Experimental Results and Numerical Analysis
The study uses LibriSpeech, focusing on large-scale paired audio-text and text-only data. Major findings:
- Encoder-dominated CTC + AED models with text-utilization achieve 1.49-1.60% WER (dev clean), outperforming traditional decoder-heavy LMs.
- TTS-based training of CTC + AED achieves 1.57% WER (dev clean), while pseudo-speech-encoder-based models reach 2.01% (dev clean) for pure CTC.
- Higher text-only data ratios correlate with better WER, but increase training time and data throughput requirements.
- Increasing the fraction of encoder layers exposed to text data yields incremental WER improvements; optimal split is approximately 4 speech-only and 12 text-level encoder layers.
These results underscore that text-only data contributes most effectively when integrated into the encoder training pipeline, especially in models architected with high encoder-to-decoder layer ratios.
Practical and Theoretical Implications
This work has substantial implications for ASR system design:
- Practical: Avoiding TTS reduces computational cost and pipeline complexity. Efficient training and recognition are realized via encoder-dominated models with small decoders, directly compatible with pseudo-speech-encoder training on massive text corpora.
- Theoretical: The findings challenge the necessity of complex duration modeling and modality matching, suggesting that text-speech alignment can be accomplished with simple stochastic models in the encoder pathway.
- Hybrid Training: Combining TTS and encoder text-utilization further improves recognition, but the trade-off favors pseudo-speech-encoder methods for most practical scenarios due to their reduced resource demand.
Future work will explore hybrid architectures and deeper analysis of TTS versus pseudo-speech encoding.
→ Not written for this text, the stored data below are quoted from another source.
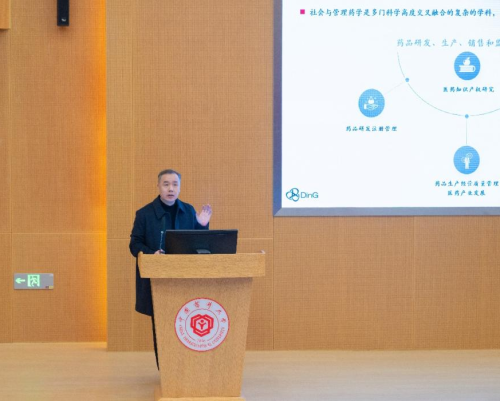 丁锦希教授从学科简介、发展现状、研究领域三个方面详细介绍了社会与管理药学学科内容与教学目的,通过分析国外发展现状,聚焦国内社会与管理药学学科领域课程建设,并总结了历年毕业生就业情况。此外,他还从社会与管理药学学科的研究领域出发,介绍了学院在药品研发、生产、销售和监管方面所具备的师资力量与科研团队,引导同学们加强知识拓展,追求全面发展,成长为能服务社会的高素质人才。
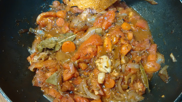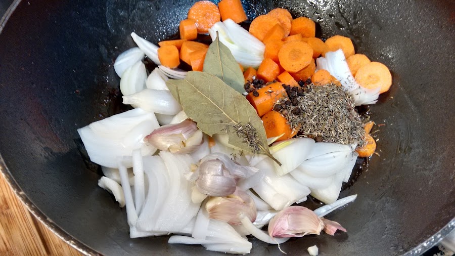 Cortamos las Zanahoria, la cebolla, los ajos machacados con la piel y en la misma sartén lo sofreímos junto con las especies.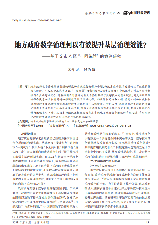 我院博士研究生孟子龙与任丙强教授的合作论文《地方政府数字治理何以有效提升基层治理效能?——基于S市A区“一网统管”的案例研究》在中文权威期刊《中国行政管理》上发表。该研究提出了“地方政府数字治理有效之道”的理论解释框架,指出地方政府数字治理的有效之道在于科层自主性(Bureaucracy Autonomy)、平台发包制(Platform Contracting System)以及跨部门合作的动力合流。该项成果不仅丰富了政府数字治理的理论分析概念,也提供了地方政府数字治理与城市政府数字化转型的新议题。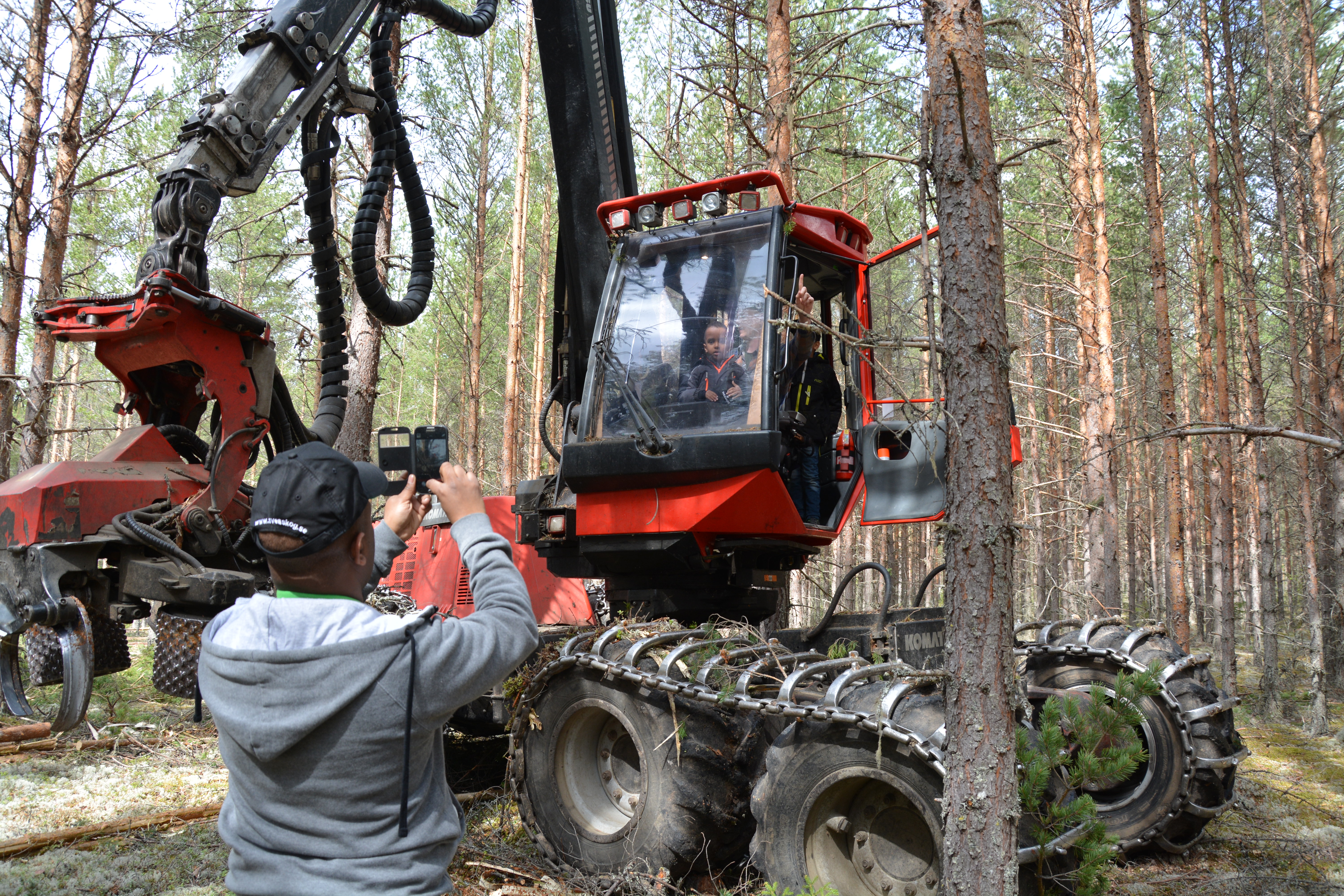 - Beskrivning: Litet barn sittandes i en skördare, blir fotad, mobil, Skogsdag för nysvenskar i Södra Norrland i samarbete med Linnéuniversitetet och VIF, Vänskap och Integrationsföreningen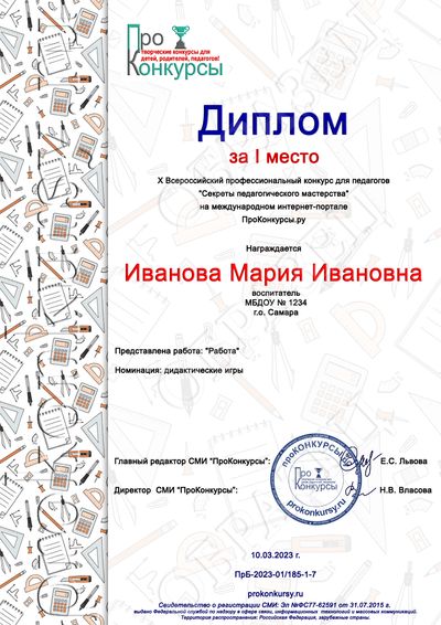 6. Администрация сайта оставляет за собой право использовать работы как в коммерческих, так и некоммерческих целях, публиковать их на сайте https://prokonkursy.ru и привязанных к сайту соцсетях, журналах, сборниках с обязательным указанием Вашего авторства.
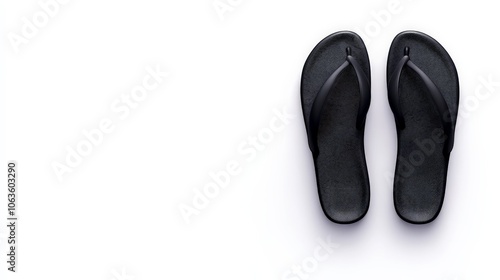 Black Flip Flops: A pair of stylish black flip-flops, minimalist and contemporary, perfect for a summer getaway.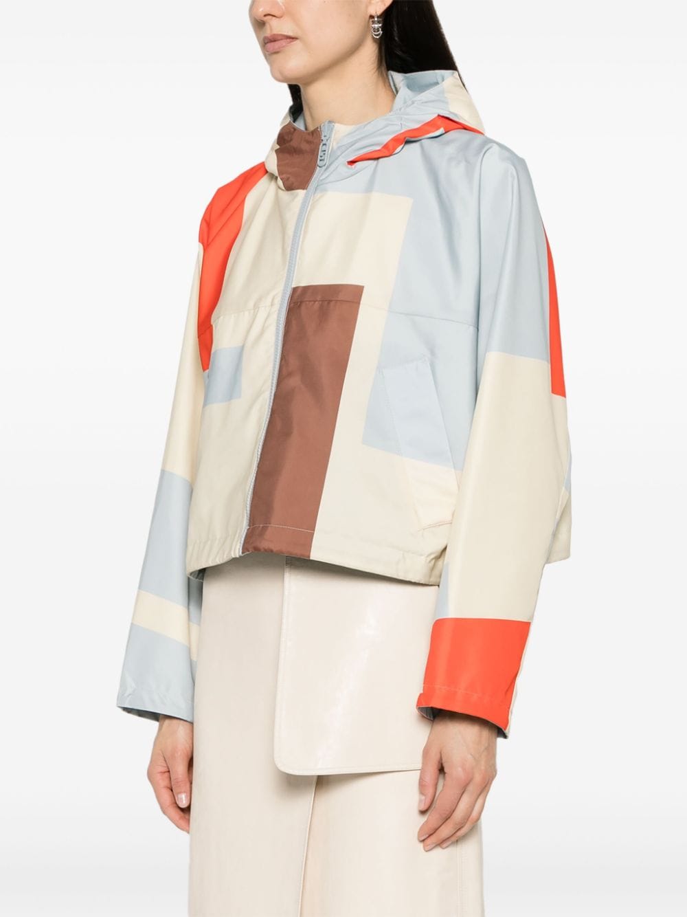 light blue/multicolour reversible geometric-pattern print logo print at the chest drawstring hood stand-up collar long sleeves two side slit pockets drawstring hem front zip fastening

Potential directions include leveraging larger or multilingual text corpora and integrating external LMs within encoder-dominated frameworks.
Conclusion
Overall, the paper establishes that encoder-dominated architectures with integrated text-only data via pseudo-speech-encoders are both efficient and effective for ASR. Simple random duration models suffice, obviating the need for complex modality matching or duration prediction. While there remains a gap to TTS-based text-utilization, pseudo-speech-encoding offers superior scalability and operational simplicity, setting the stage for further advancements in resource-efficient ASR training.